‘Hîlala Zêrîn dengbejlerin mirasını geliştiriyor’
Hîlala Zêrîn Hareketi Üyesi Diyana Murad, çalışmalarıyla Meryem Xan, Eyşe Şan ve Şakiro’nun mirasına sahip çıktıklarını belirtirken kültürel soykırıma karşı Kürt kültür ve sanat çalışmalarını geliştirerek direndiklerini söyledi.
VIYAN AMED
Qamişlo –Stratejik bir konuma sahip olan Kürdistan toprakları binyıllardır savaşlar, direnişler ve eşsiz mücadele örneklerine sahne olurken bölgenin kadim halklarından Kürt halkının tüm yaşanmışlıkları dengbêjlerin klamlarına ve hikayelerine konu oldu.
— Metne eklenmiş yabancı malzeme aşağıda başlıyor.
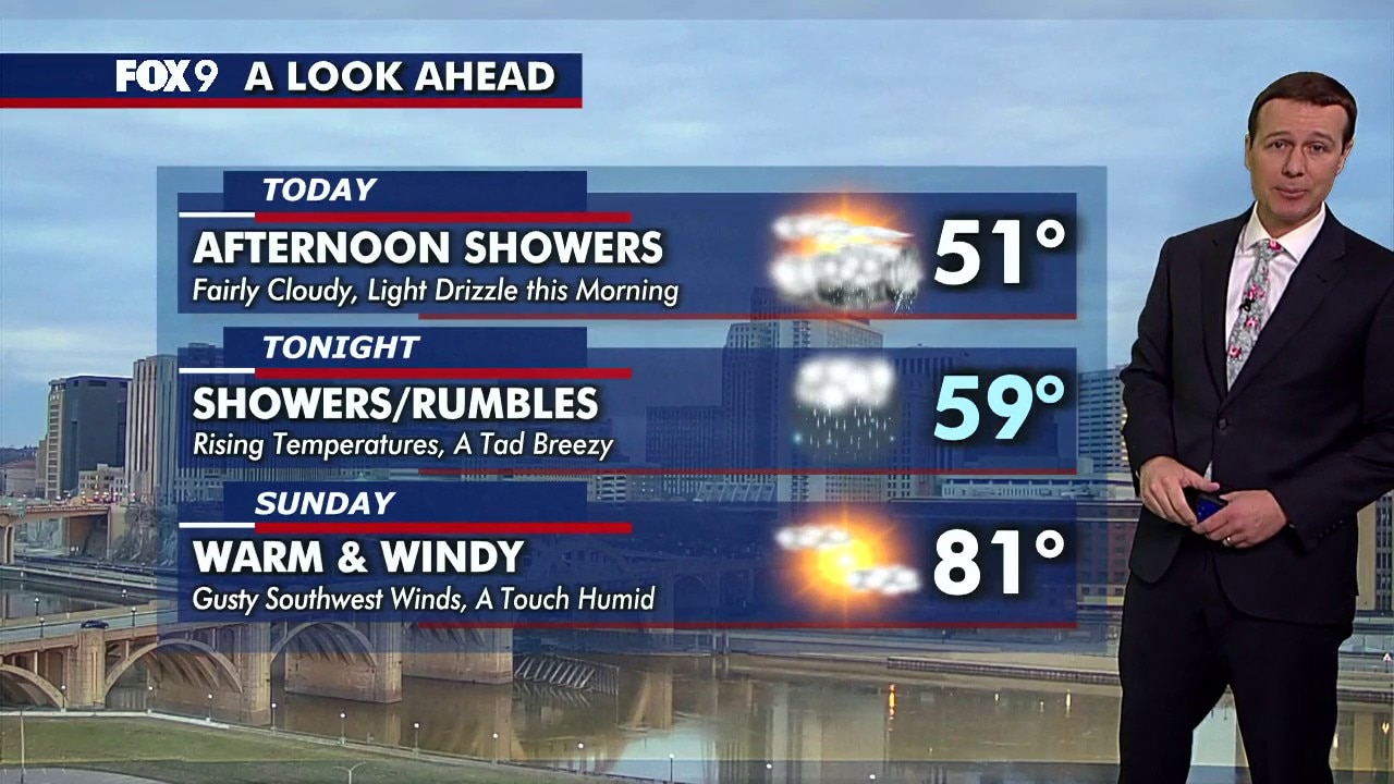 MINNEAPOLIS (FOX 9) - A mix of showers, rising temperatures and a taste of summer are in store for much of Minnesota this weekend.

Her ulusun tarihi, geçmişte söylenmiş şarkılar, sesler ve hikayelerle nesilden nesile aktarılarak günümüze kadar gelmiş ve insanların duygularının dili olmuştur. Kürt kültürünün temel alt yapısını oluşturan ve binlerce yıllık Kürt edebiyatının günümüze kadar ulaşmasını sağlayan dengbêjler de, seslendirdikleri klamlarla, Kürt kültür ve tarihini günümüze kadar canlı tutabildi. Kuzey ve Doğu Suriye’de bulunan Hîlala Zêrîn Üyesi Diyana Murad ile stranlar ve sanat üzerine konuştuk.
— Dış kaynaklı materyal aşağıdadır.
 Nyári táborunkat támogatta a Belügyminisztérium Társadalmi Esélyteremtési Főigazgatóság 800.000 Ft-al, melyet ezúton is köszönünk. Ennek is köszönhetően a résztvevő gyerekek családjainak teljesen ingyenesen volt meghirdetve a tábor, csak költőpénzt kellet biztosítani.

‘Stranlar toplumu etkiliyor’
Ezgilere olan aşkını ve ilgisini dile getiren Diyana Murad, “Efrînliyim. Rojava Devrimi ile birlikte Hîlala Zêrîn çalışmaları içerisinde yer alıyorum. Birçok sanat grubu içerisinde yer aldım. 8 Mart Dünya Kadınlar Günü, 21 Mart Newroz münasebetiyle şarkılar söyledim. Anne ve babam da kültür ve sanat çalışmaları içinde yer alıyor. Bu benim sanata olan ilgimi ve aşkımı artırdı. Ailem sanat anlamında kendimi geliştirmeme katkı sağladı. Duygularımı daha çok stranlar yoluyla dile getiriyorum. Stranlarla önemli mesajlar veriliyor. Bu yüzden stranlar önemli ve toplumu etkiliyor” dedi.
Rojava Devrimi ve kültür çalışmaları
Rojava Devrimi’nin kültür ve sanat çalışmaları üzerindeki etkisine değinen Diyana Murad, “Yıllardır Türk devleti, Suriye rejimi ve İran, Kürt kültürünü soykırımdan geçirmek için farklı politikalarla bizlere saldırıyor. Her ne kadar toplumumuz kendisini soykırımdan korumuş olsa da ne yazık ki Türk, Arap ve Fars kültürünün etkisinde kaldı. Rojava Devrimi ile birlikte kültür ve sanat çalışmalarında büyük bir gelişim yaşandı. Devrim öncesi çalışmalar vardı ama gizli bir şekilde yapılıyordu. Bu durum çalışmaları etkiliyordu. Ayrıca devrim öncesi eğitim imkanları çok azdı. Rojava Devrimi sayesinde eğitimlerin önü açıldı ve engeller ortadan kalktı” ifadelerini kullandı.
‘Egemenler arabeskle toplumu öldürmek istiyor’
Şarkıların insanların duygularına hitap ettiğini dile getiren Diyana Murad, “Stranlar insanlara ruh veriyor, rehberlik bile yapabilir. Ne yazık ki düşmanda bazen bunu kendi çıkarlarına göre kullanıyor. Egemen güçler, toplumu etkilemek için şarkıları topluma karşı kullanmışlar. Özellikle arabesk şarkıları gençler arasında yaygınlaştırılıyor. Arabesk şarkılar insanların ruhunu ve duygularını öldürüyor. İnsanların enerjisini yok ediyor. Düşman, toplumu özünden uzaklaştırıp moralsiz bırakmak istiyor” diye konuştu.
‘Miraslarını geliştireceğiz’
Kültür ve sanatlarıyla düşmana karşı mücadele ettiklerini belirten Diyana Murad son olarak şunları söyledi: “Rojava Devrimi ile birlikte toplum içinde bir bilinç oluştu. Çalışmalarımızla Eyşe Şan, Meryem Xan ve Şakiro’nun mirasını geliştireceğiz. Dengbêjlik ve stranlarla tarihimiz canlı kalmış. Kürt kadınları olarak düşmanımızı tanımamız gerekiyor. Aynı zamanda kültür ve sanatımızla düşman anlayışını yerle bir edeceğiz ve kökten yok edeceğiz.”